Russia's commodity turnover with its BRICS partners is steadily growing. For example, last year it amounted to $163 billion, compared to $105 billion in 2013, said Elena Tsyshevskaya, Head of Department for Regulation over Electric Power Industry of FAS Russia. The largest exports from Russia to Brazil, India, China and South Africa are fuel and energy products, such as oil and oil products, gas, coal, as well as timber, pulp, etc. Imports from partners include machinery, vehicles, chemical products such as plastics, and textiles and shoes. 

"BRICS is characterized by the absence of economic, political or geographic domination by any of the participating countries, which creates comfortable parity conditions for cooperation," 

Tsyshevskaya stressed.

Administrative attempts to develop exchange trade of commodities in Russia have been made for many years, but they have brought no breakthrough success. Instead of pushing businesses to exchanges through administrative means, small trading floors should be allowed to actively look for and involve customers in organized trading, and thus ensure competition between the organizers of the trade, says Larisa Selyutina, Director of the Financial Market Infrastructure Department of the Bank of Russia. She is convinced that it is the competition of services for the quality of services that will create the environment for the natural development of the infrastructure. 

Electronic trading platform services are in demand among small and medium-sized businesses. In the first half of 2022 only on one of the largest electronic trading platforms, the volume of trading was 1.5 trillion rubles, which is more than twice the volume of the total commodity exchange market in Russia (677 billion rubles) for the same period.

"We want to offer the existing electronic trading platforms to voluntarily become part of the infrastructure of organized trading, without breaking the ties already built with their clients," 

said Selyutina.

Anton Karpov, Vice President, Saint Petersburg International Mercantile Exchange (SPIMEX)spoke about the work of St. Petersburg International Mercantile Exchange (SPIMEX) and main directions of cooperation: creation of common exchange space with the Republic of Belarus and development of unified rules for exchange trade with partners in Eurasian Economic Community (EurAsEC).

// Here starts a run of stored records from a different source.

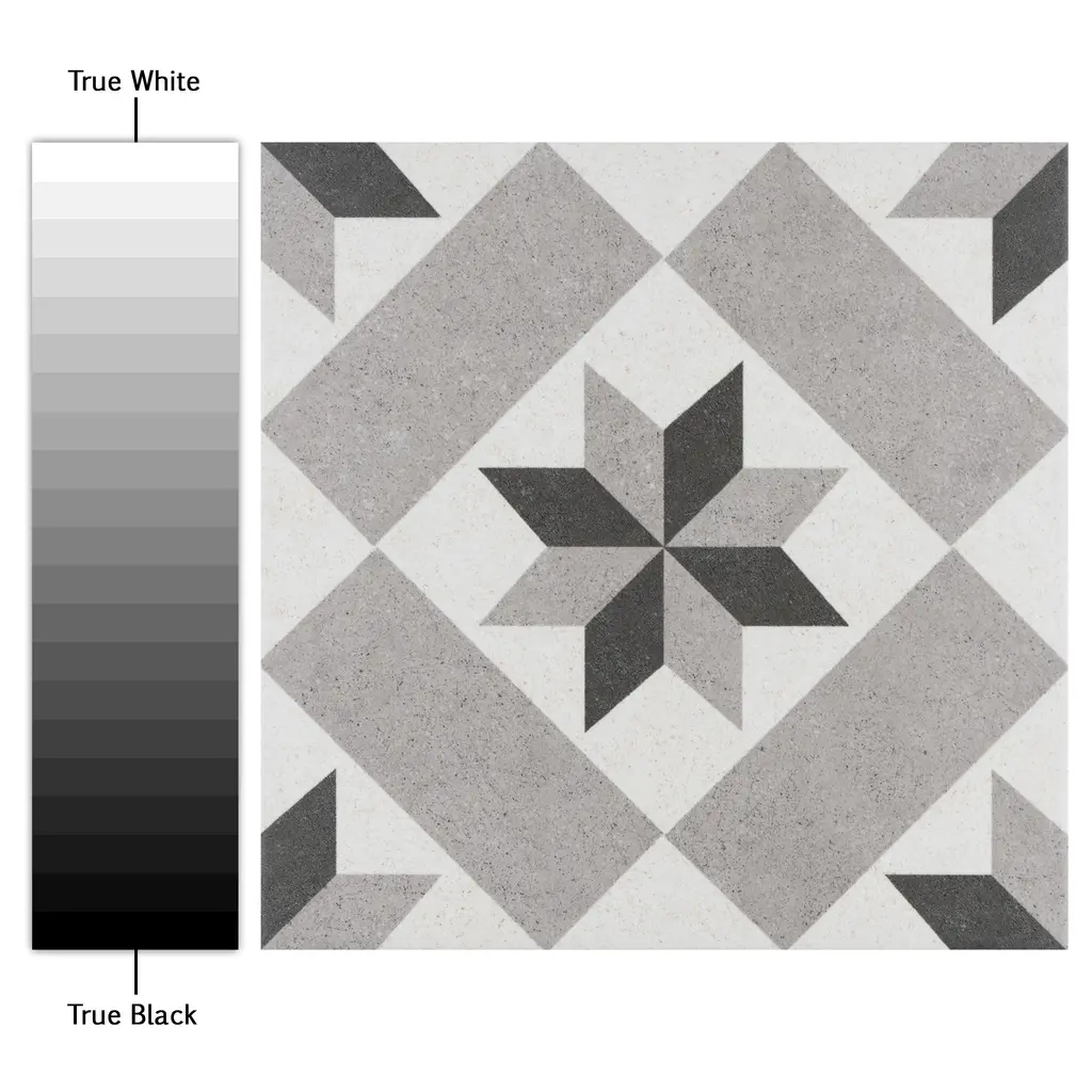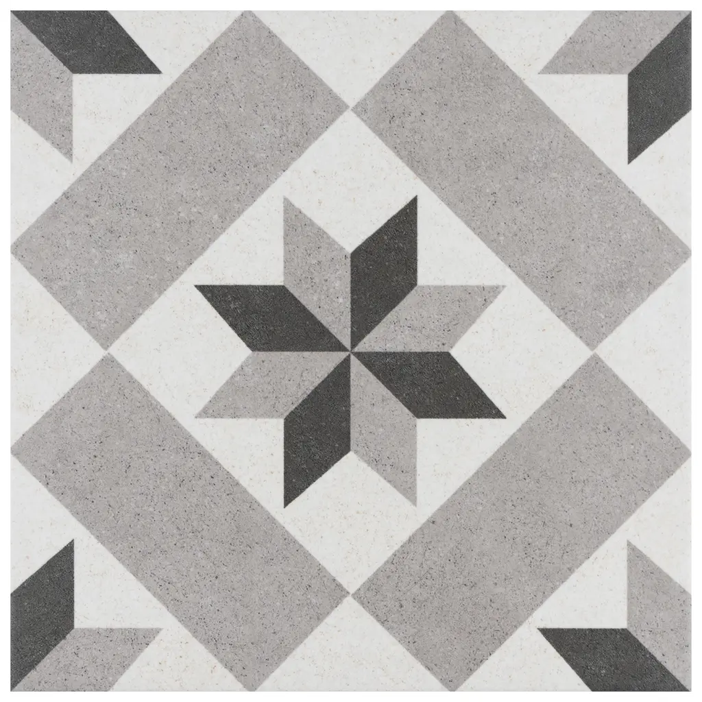 Capturing the appearance of an encaustic look, our Vintage Star Grey Porcelain Floor and Wall Tile features a slightly textured, satin finish, providing decorative appeal that adapts to a variety of stylistic contexts. With its impervious, frost-resistant features, this white square tile is an ideal selection for a variety of spaces including indoor and outdoor commercial and residential installations, kitchens, bathrooms, backsplashes, showers, hallways, entryways, patios, pools and fireplace facades. This tile is a perfect choice on its own or with other products in the Merola Tile, Vintage Collection. To ensure optimal results, please consult with your installer and review the product specifications to confirm that this tile meets the specific needs of your project.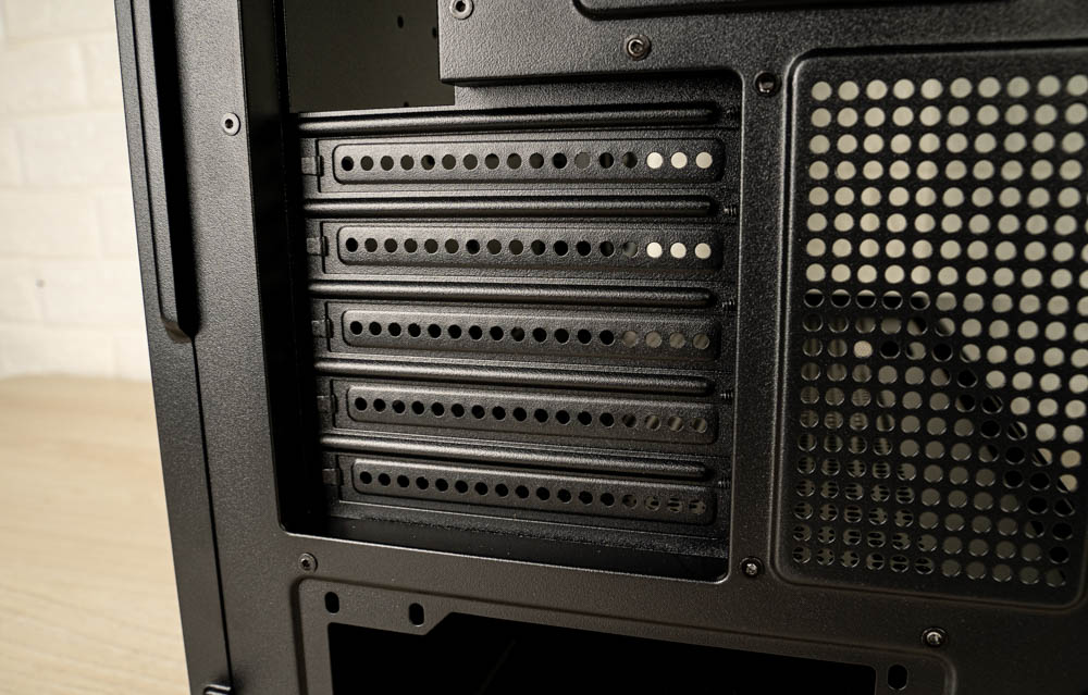 PCIe 擴充槽部分提供五個槽位,可完整對應標準 M-ATX 主機板的擴充需求,無論是顯示卡或其他擴充卡安裝都相當充裕。下方則為電源艙位置,採獨立分艙設計,有助於將電源與主要硬體區域分隔,降低熱源干擾,同時也讓整體理線更為整潔。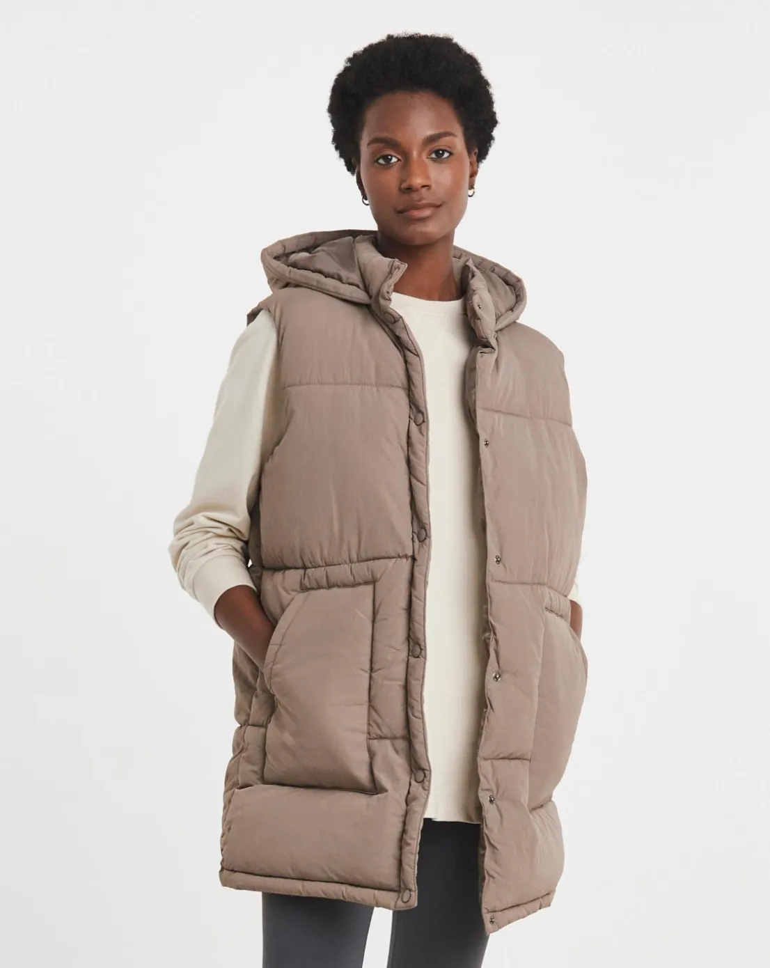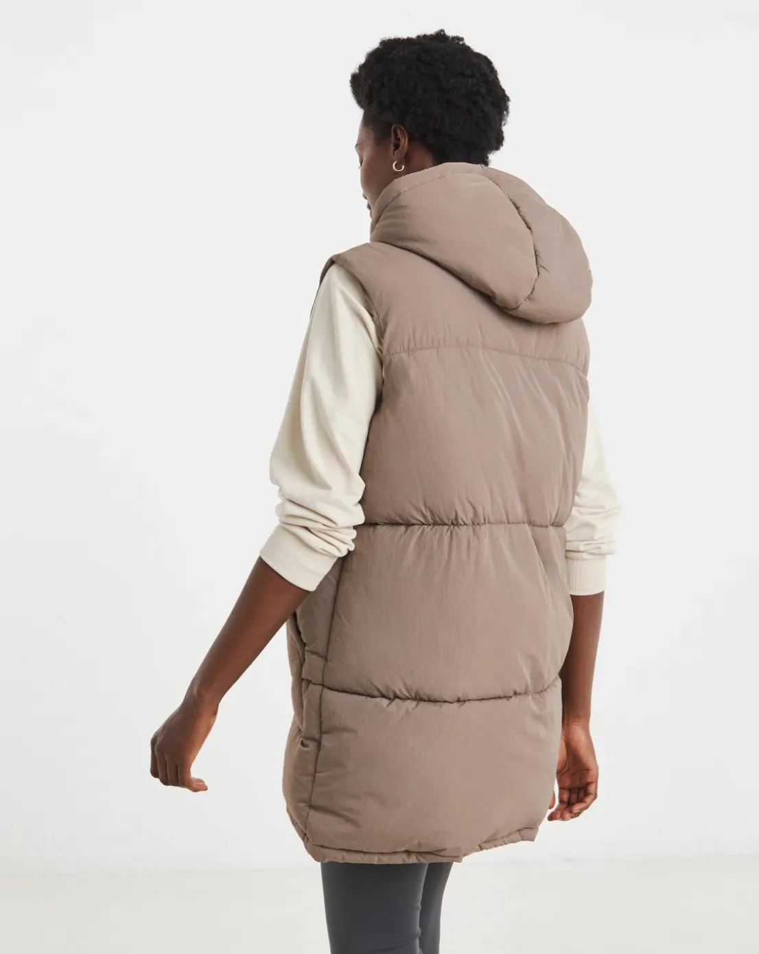 In a flattering longline length, this gilet is the perfect throw over style for any outfit, for an added layer of comfort and style. Featuring a hood, button fastening front and front pockets.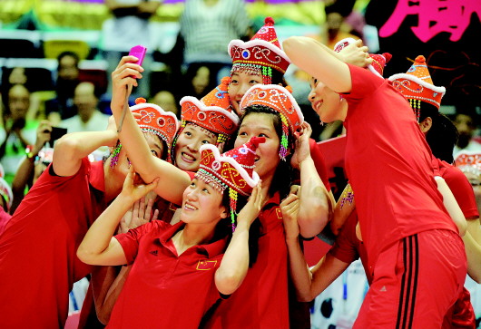 8月10日,世界女排大奖赛香港站的比赛中,郎平率领的中国队以3:1战胜意大利队,从而以3战全胜的成绩获得本站冠军。图为女排队员在领奖台上自拍留念。 新华社记者 卢炳辉 摄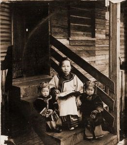 La historia de las pequeñas esclavas secuestradas a las familias, generalmente campesinas, para ser enviadas a América como prostitutas inicia en 1865. Fue la Mafia China, con acuerdos directos con el gobierno Chino, en establecer y mantener en América con el fin de evitar “mezclas” entre Chinos y Americanos. Más tarde se extendió a los yankiees, que podían gozar de una niña China en adecuadas partes de atrás de los negocios por unas monedas. A diferencia de los compatriotas hombres, que después de una docena de años de duro trabajo podían volver a su tierra, las esclavas Chinas morían en América sin haber vuelto a ver el sol. Vivian en una completa separación con el exterior, en celdas aisladas, cuidadas por una comadrona que a veces las ayudaba a parir o a librarse de los varios hijos ilegítimos. Salían de sus celdas por muerte después de haberse unido con miles de hombres. La mafia se libraba de ellas haciéndolas caer por la noche en el rio o cimentándolas bajo tierra. Aquí una joven mujer de Hong Kong con vestidos tradicionales en 1860.

Alexander Osmolovsky, Chairman of the Board of the Belarusian Universal Commodity Exchange (BUCE), shared his experience in organizing the Belarusian Commodity Exchange, introducing a new procedure of exchange deals support and special sessions for Chinese companies. Only single companies from Brazil, India and South Africa are presented at BUCE. That is why it is necessary to bring stock exchange and electronic platforms of BRICS countries into the exchange community of the CIS countries, said Osmolovsky. 

Raj Kumar Badde, Joint Director (Financial Analysis), Competition Commission of India, spoke about the antitrust regulation of six commodity exchanges in India. He presented one of the first cases of abuse of dominance in the country's exchange industry. As a result of an investigation initiated by the Multi Commodity Exchange of India (MCX), the Competition Commission concluded that the National Stock Exchange of India (NSE) used its dominant position in the exchange market by resorting to predatory pricing in the foreign exchange derivatives segment. The NSE was fined 555 million rupees.

Increasing digitalization, including on exchange platforms, is a new challenge for antitrust authorities. Big Tech is certainly affecting exchange trading, and programs are emerging to manipulate trading markets, noted Raj Kumar Badde. In his opinion, under these conditions, to work effectively regulators need to cooperate with IT-specialists.